## Task goal
With pictures removed, output every record below exactly as written.

## Stored entries

_ _ _ _ _ _ _

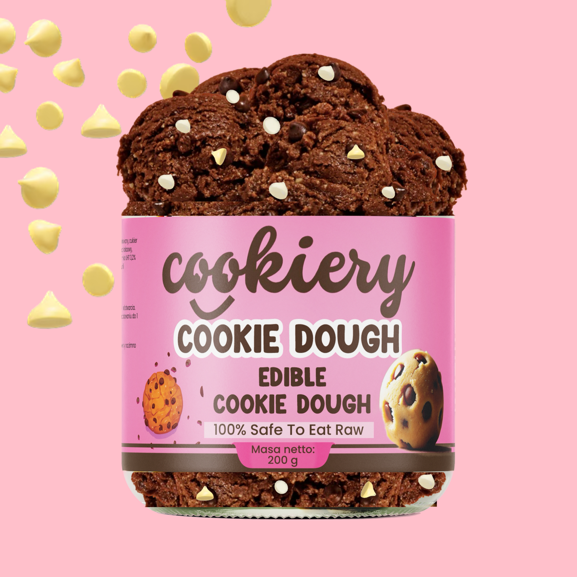 Dla prawdziwych czekoladoholików. To intensywnie czekoladowe ciasto cookie dough ma dodatek kakao w cieście i kawałki białej belgijskiej czekolady, które dodają kremowej słodyczy każdemu kęsowi. Bez jajek, z podgrzewaną mąką – w pełni bezpieczne do jedzenia na surowo.
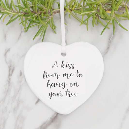 Ceramic Christmas Heart Hanging Decoration – “A Kiss From Me to Hang on Your Tree”
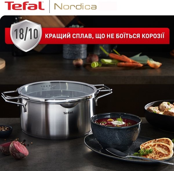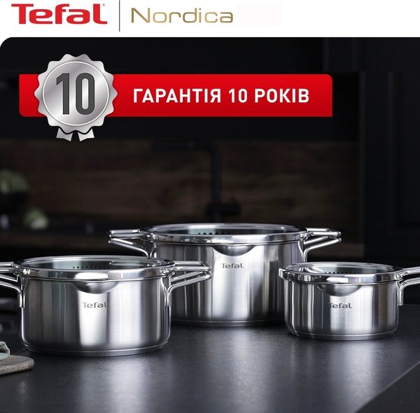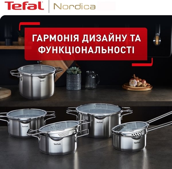 Минималистичный и продуманный дизайн набора посуды Tefal Nordica дополнит любой интерьер. Продуманный до мелочей набор кастрюль станет незаменимым помощником для приготовления вкусных и полезных блюд.
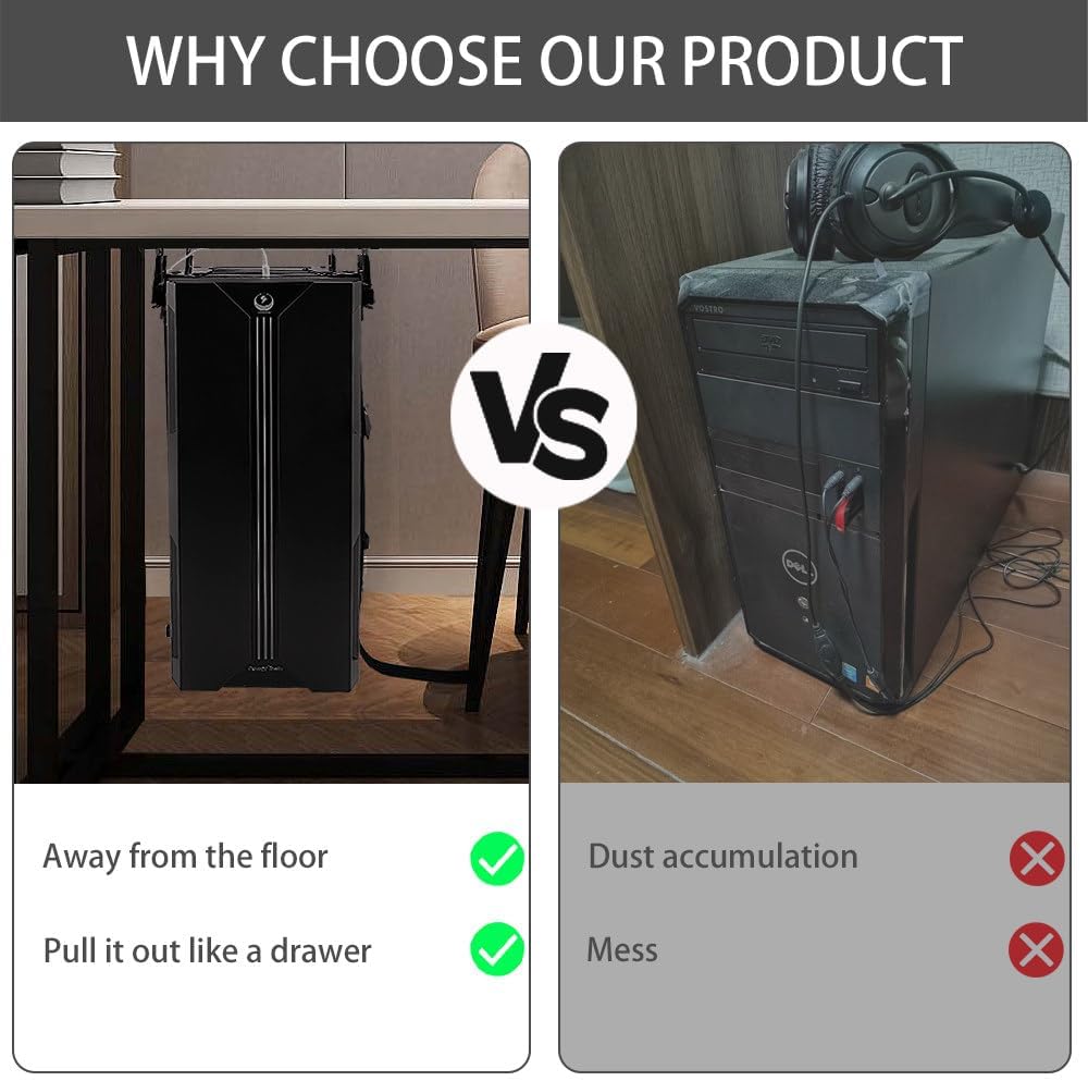 - Easy Installation: Our under desk pc holder comes with includes a complete set of mounting hardware which will assist you have your computer tower mounted to the PC underside of your desk in no time
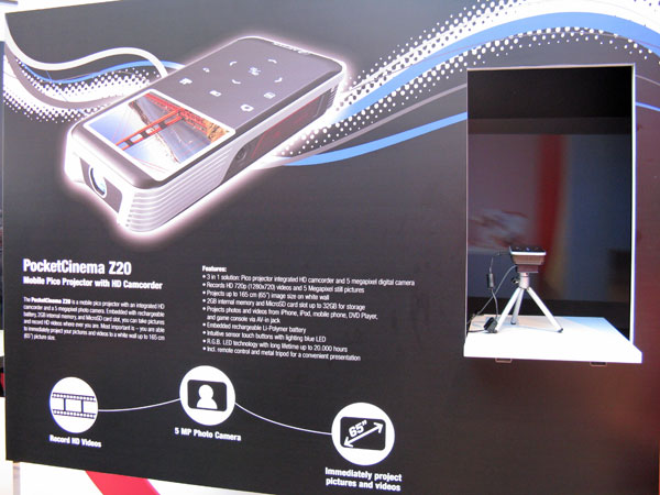 Nello stand Aiptek del CeBIT è possibile provare diversi nuovi prodotti che saranno rilasciati più avanti nel corso dell’anno. Famosa per i propri dispositivi digitali tascabili per registrare video e scattare foto, Aiptek mostra nello stand PocketCinema Z20, il primo videoproiettore tascabile che permette di registrare video HD (1280×720 pixel) e scattare foto a 5 megapixel. Una volta catturati filmati e/o foto è possibile proiettarle direttamente su una parete sfruttando uno schermo che arriva fino a 65 pollici.
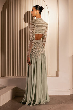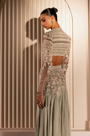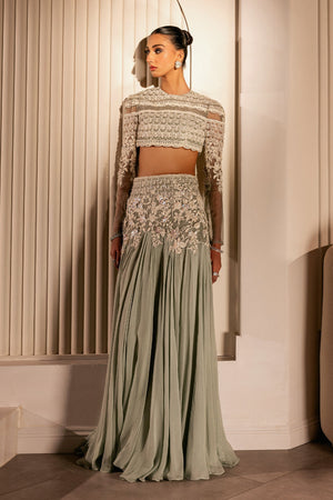 An ethereal ensemble in a delicate pistachio green hue, crafted from a luxurious blend of organza and chiffon fabrics. The outfit features a gracefully tailored organza blouse paired with a flowing skirt, elegantly draped with soft chiffon. Intricate hand-cut metallic pipes, shimmering sequins, and dainty pearls embellish the design, adding a touch of refined glamour to this timeless creation.

_ _ _ _ _ _ _

## Task output
 Dla prawdziwych czekoladoholików. To intensywnie czekoladowe ciasto cookie dough ma dodatek kakao w cieście i kawałki białej belgijskiej czekolady, które dodają kremowej słodyczy każdemu kęsowi. Bez jajek, z podgrzewaną mąką – w pełni bezpieczne do jedzenia na surowo.
 Ceramic Christmas Heart Hanging Decoration – “A Kiss From Me to Hang on Your Tree”
 Минималистичный и продуманный дизайн набора посуды Tefal Nordica дополнит любой интерьер. Продуманный до мелочей набор кастрюль станет незаменимым помощником для приготовления вкусных и полезных блюд.
 - Easy Installation: Our under desk pc holder comes with includes a complete set of mounting hardware which will assist you have your computer tower mounted to the PC underside of your desk in no time
 Nello stand Aiptek del CeBIT è possibile provare diversi nuovi prodotti che saranno rilasciati più avanti nel corso dell’anno. Famosa per i propri dispositivi digitali tascabili per registrare video e scattare foto, Aiptek mostra nello stand PocketCinema Z20, il primo videoproiettore tascabile che permette di registrare video HD (1280×720 pixel) e scattare foto a 5 megapixel. Una volta catturati filmati e/o foto è possibile proiettarle direttamente su una parete sfruttando uno schermo che arriva fino a 65 pollici.
 An ethereal ensemble in a delicate pistachio green hue, crafted from a luxurious blend of organza and chiffon fabrics. The outfit features a gracefully tailored organza blouse paired with a flowing skirt, elegantly draped with soft chiffon. Intricate hand-cut metallic pipes, shimmering sequins, and dainty pearls embellish the design, adding a touch of refined glamour to this timeless creation.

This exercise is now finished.